Personal information
- Born: October 7, 2005 (age 20)
- Home town: Vernon, British Columbia, Canada

Sport
- Sport: Swimming
- Strokes: Breaststroke
- College team: University of Calgary

Medal record
Women's swimming
Representing Canada
World Championships (SC)
| Bronze medal – third place | 2024 Budapest | 4×100 m freestyle |
Pan Pacific Championships
| Gold medal – first place | 2026 Irvine | 200 m breaststroke |
World Junior Championships
| Gold medal – first place | 2023 Netanya | 100 m breaststroke |
| Gold medal – first place | 2023 Netanya | 200 m breaststroke |
| Silver medal – second place | 2023 Netanya | 4×100 m medley |

= Alexanne Lepage =

Canadian swimmer (born 2005)

Alexanne Lepage (born October 7, 2005) is a Canadian competitive swimmer.

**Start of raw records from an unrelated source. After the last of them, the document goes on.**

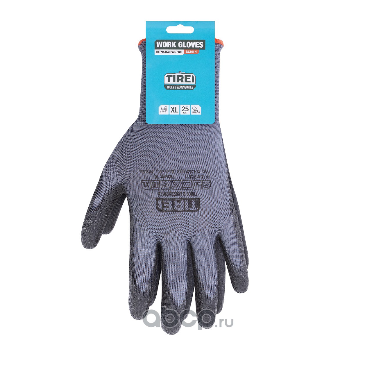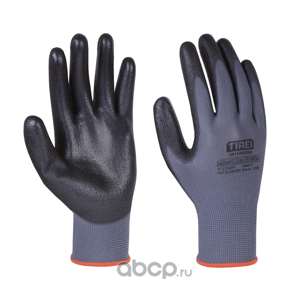 Перчатки полиэфирные с цельным ПУ покрытием ладони, 1 пара, XL, сер./черные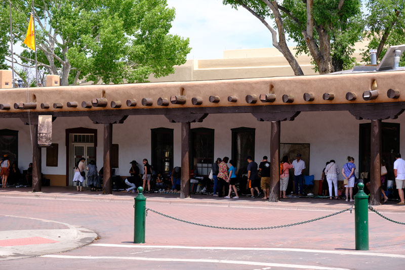 Santa Fe liegt auf ca 2000 Meter Höhe im Norden New Mexicos, nahe der Sangre de Cristo Range (Rocky Mountains). Es ist eine unvergleichliche Stadt mit einem geschichtsträchtigen Erbe, welches von der Kultur der amerikanischen Ureinwohnern und von spanischen und mexikanischen Einflüssen geprägt ist. Das wirkt sich auch auf die Küche aus! In Santa Fe wechseln sich bunte Freiluftmärkte, historische Gebäude, Kunstgalerien, Museen, schicke Restaurants und moderne Hotels ab. Uns fasziniert diese übersichtliche Stadt mit ihrem typischen Adobe-Baustil, aber auch mit den vielen interessanten Sehenswürdigkeiten, die man in der Umgebung besuchen kann (zB Dörfer der Pueblo-Indianer, Bandelier National Monument). Darum stand auch 2019 Santa Fee auf dem Reiseplan.
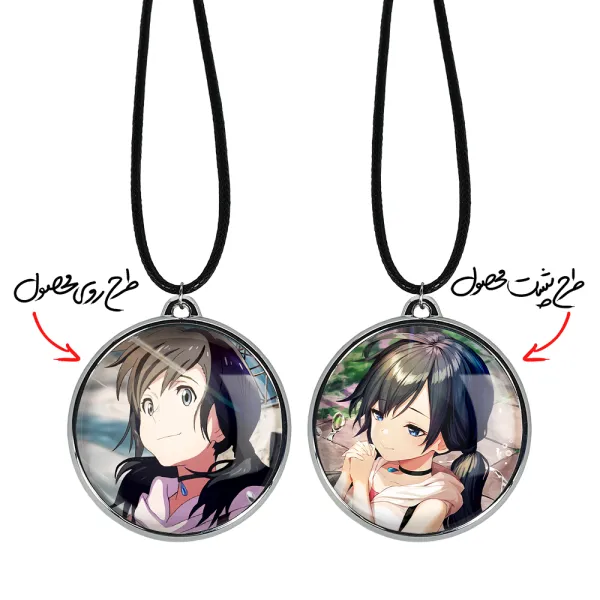 گردنبند خندالو طرح هینا انیمه تغییر آب و هوا با تو ، محصولی جدید و جذاب است که بصورت دو طرفه بوده، و در هر یک از طرفین گردنبند، طرح متفاوتی از یک موضوع چاپ شده است. دور پلاک گردنبند را، رینگی از جنس کروم نقره ای پوشانده که رنگ آن ثابت بوده و باعث هرچه زیباتر شدن گردنبند می شود. روکش براق روی گردنبند، مقاومت بالایی دارد و در مقابل عرق بدن با دوام بوده و با رطوبت های کم، به طرح آسیبی وارد نمی شود. چاپ گردنبند خندالو طرح هینا انیمه تغییر آب و هوا با تو بوسیله بهترین دستگاه های چاپ دیجیتال صورت می گیرد و طرح با شفافیتی مثال زدنی بر روی گردنبند نقش می بندد.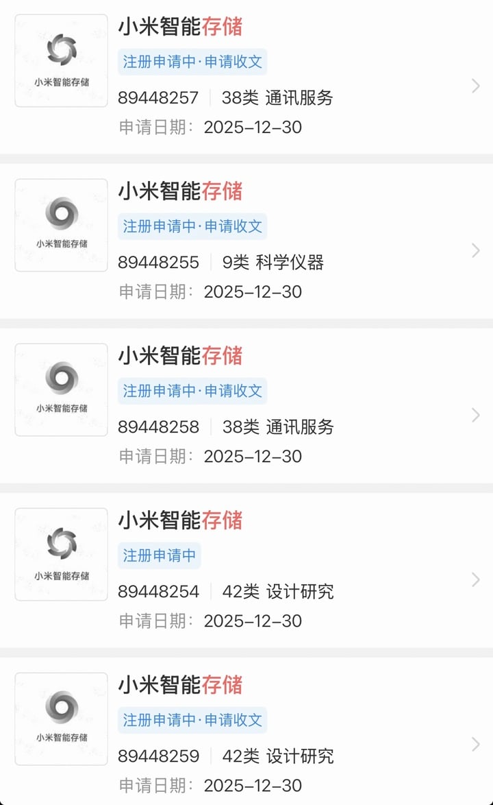 企查查信息显示,近期,小米科技有限责任公司已向相关部门提交多枚「小米智能存储」商标注册申请,分类覆盖科学仪器、通讯服务及网站服务等领域,商标状态目前均处于注册申请或等待实质审查阶段。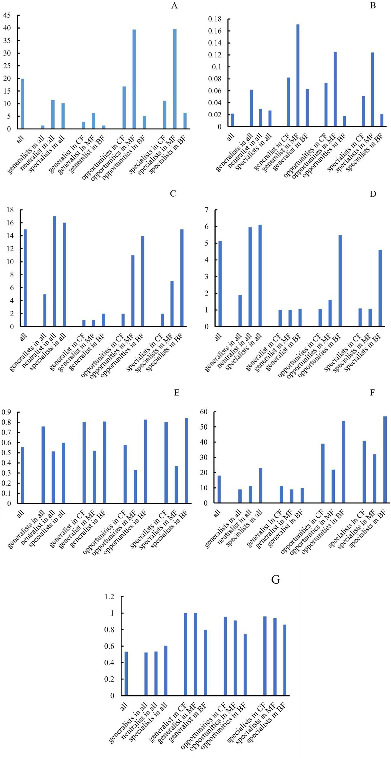 Figure 12. Difference of network topological index among forest stands for each habitat-specialization group (A: average weighted degree; B: density of graph; C: network diameter; D: average path length; E: modular; F: connective component; G: average clustering coefficient; CF, coniferous forest; MF, mixed forest; BF, broadleaved forest).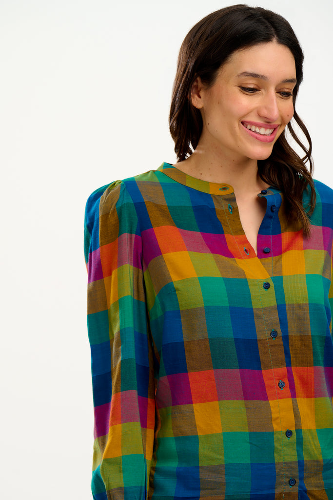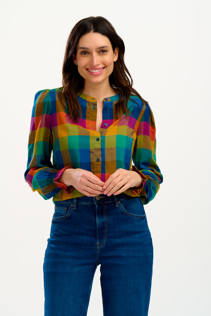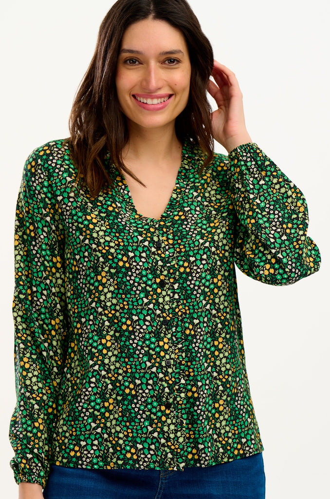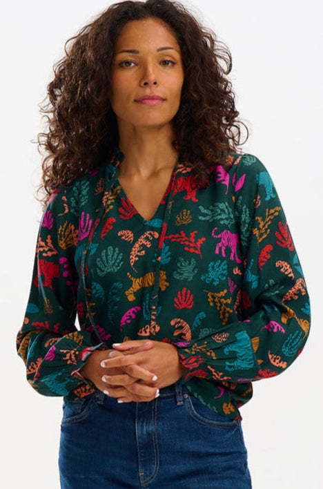 Vivi Frill Blouse - Green, Rainbow Pebbles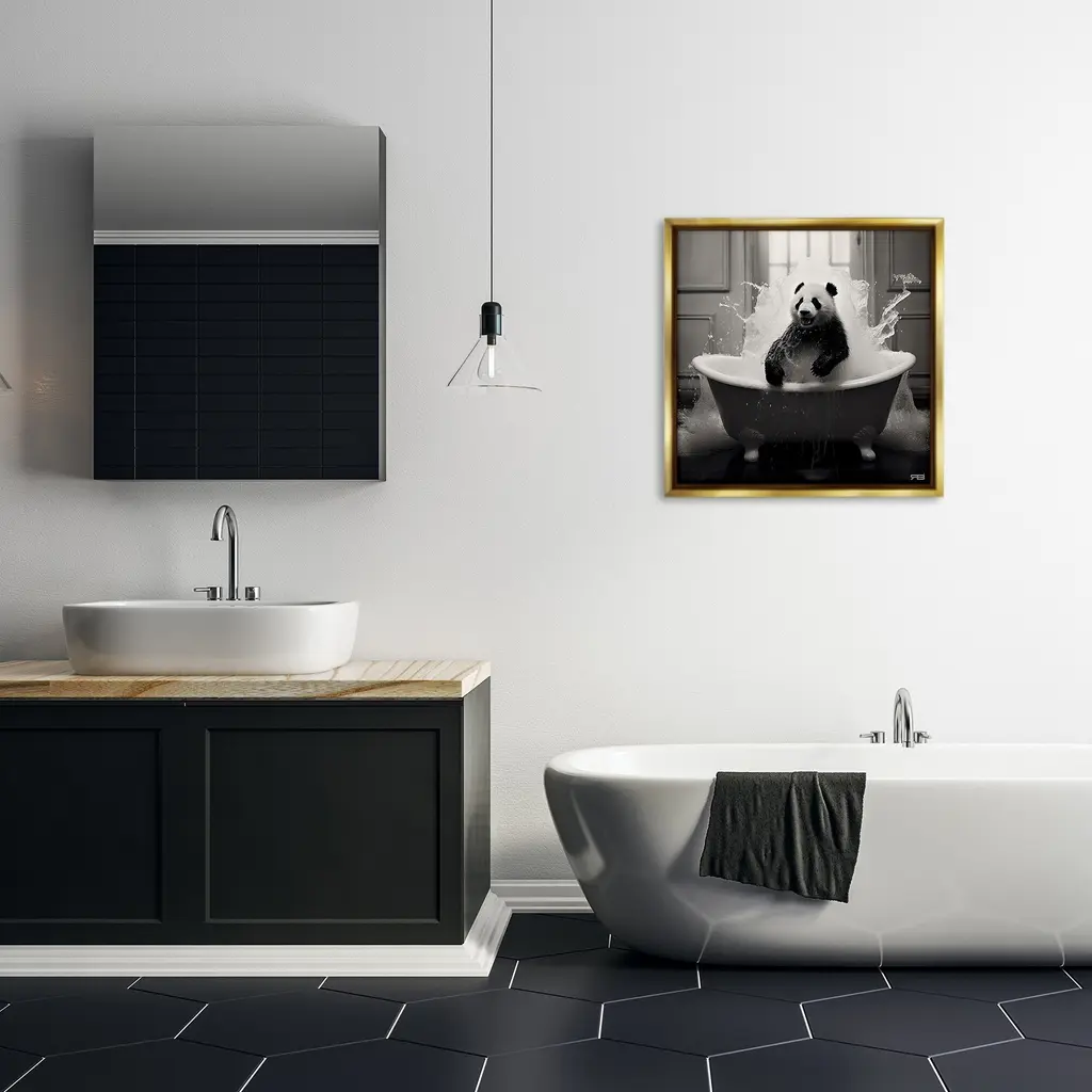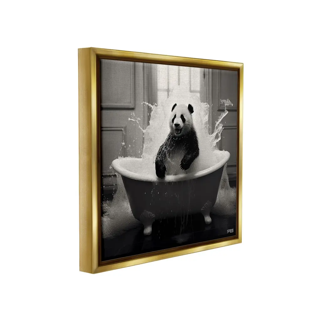 Elevate your home or office to the next level with Stupell Framed Floating Canvas Wall Art. Our premium hand-stretched canvas is mounted securely into a sturdy lightweight frame. The museum-style gap between the wrapped canvas and the box frame gives the illusion of floating artwork. Stupell Wall Art is made in the USA.Features: Dimensions: 18 x 1.7 x 18 Frame, 17 x 1.5 x 17 Canvas ArtFloating Frame Canvas Products are available in sizes 18"x18" and 25"x25". All Floating Frame Canvas Products have a 1.7" Depth.Wall Art is Ready to Hang with Hardware Free Hanging. No Installation required. For Easy Set Up Lean or Layer Artwork on Shelf or Against Wall. Artwork is Permently Fixed into the Frame.Our elevated 1.7" Thick Floating Frame is the perfect complement to our canvas style Wall Art. We use only the highest quality inks in house with industry leading printing solutions. Canvas is hand stretched over a durable wood foundation and then mounted securly into a Modern Box Frame. Made in the USA.Artwork Relates To: Tub, Bathing, Bathtub, Bathroom, Animal, Panda, SplashDesign by RB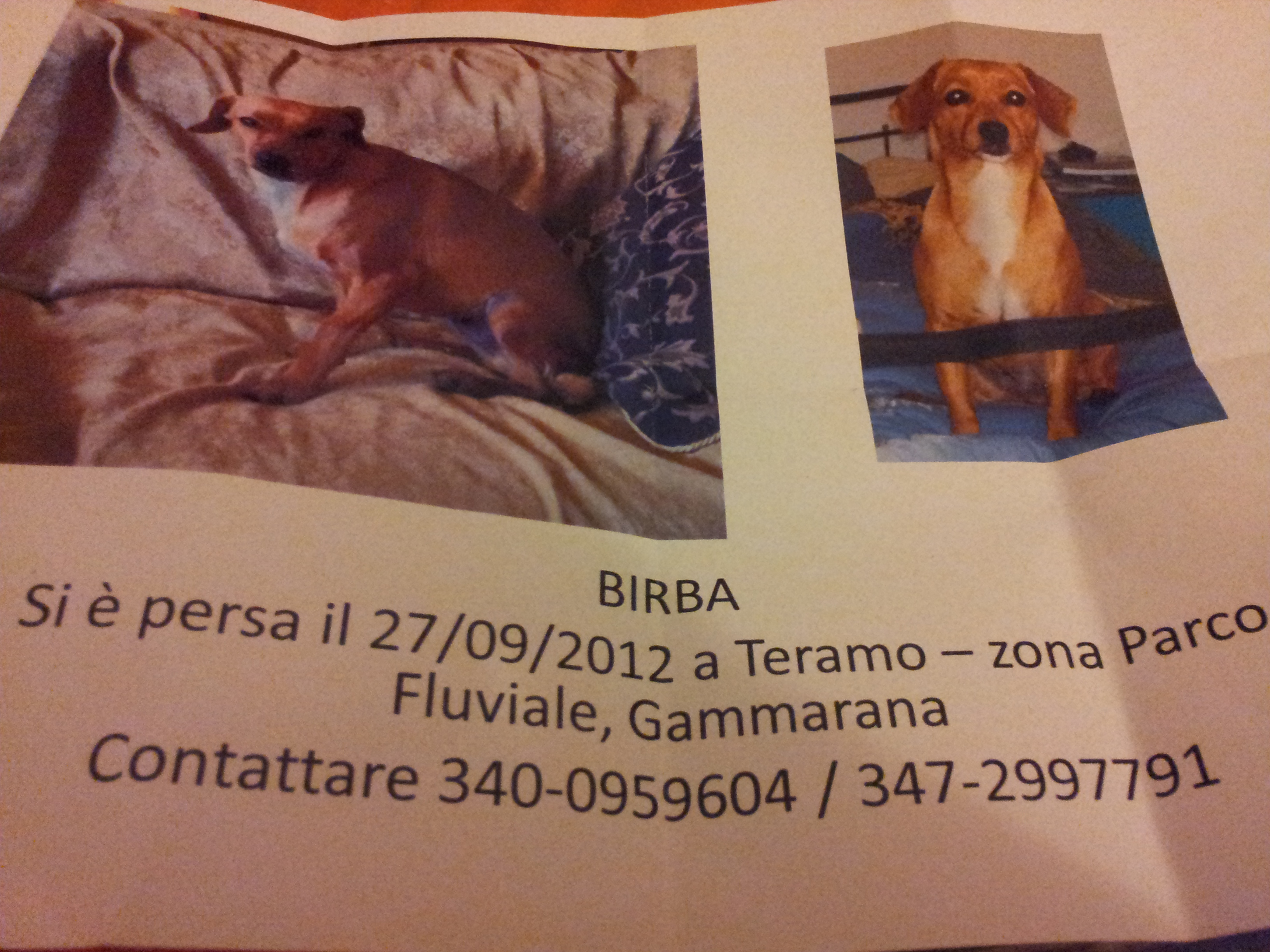 Ti capita di vedere amici disperati girare per Teramo a cercare la loro adorata cagnetta Birba. Tre anni e mezzo e una storia di cane fantasia.

==Early life and education==
Lepage swims at the collegiate level for the University of Calgary. She was named the 2023 Canada West Women's Swimmer of the Year and Rookie of the Year. At the 2026 Canada West championships, she won gold in the 50, 100 and 200 metre breaststroke, as well as the 400 metre individual medley, while contributing to three silver medal relay finishes. She continued her success at the U SPORTS championships, where she established new Canadian records in the 50 and 100 metre breaststroke. She concluded nationals with four individual gold medals and three relay silver medals. She was subsequently named the 2026 University of Calgary Athlete of the Year.

==Career==
In August 2026, she competed at the 2026 Pan Pacific Swimming Championships and won a gold medal in the 200 metre breaststroke with a time of 2:21.73.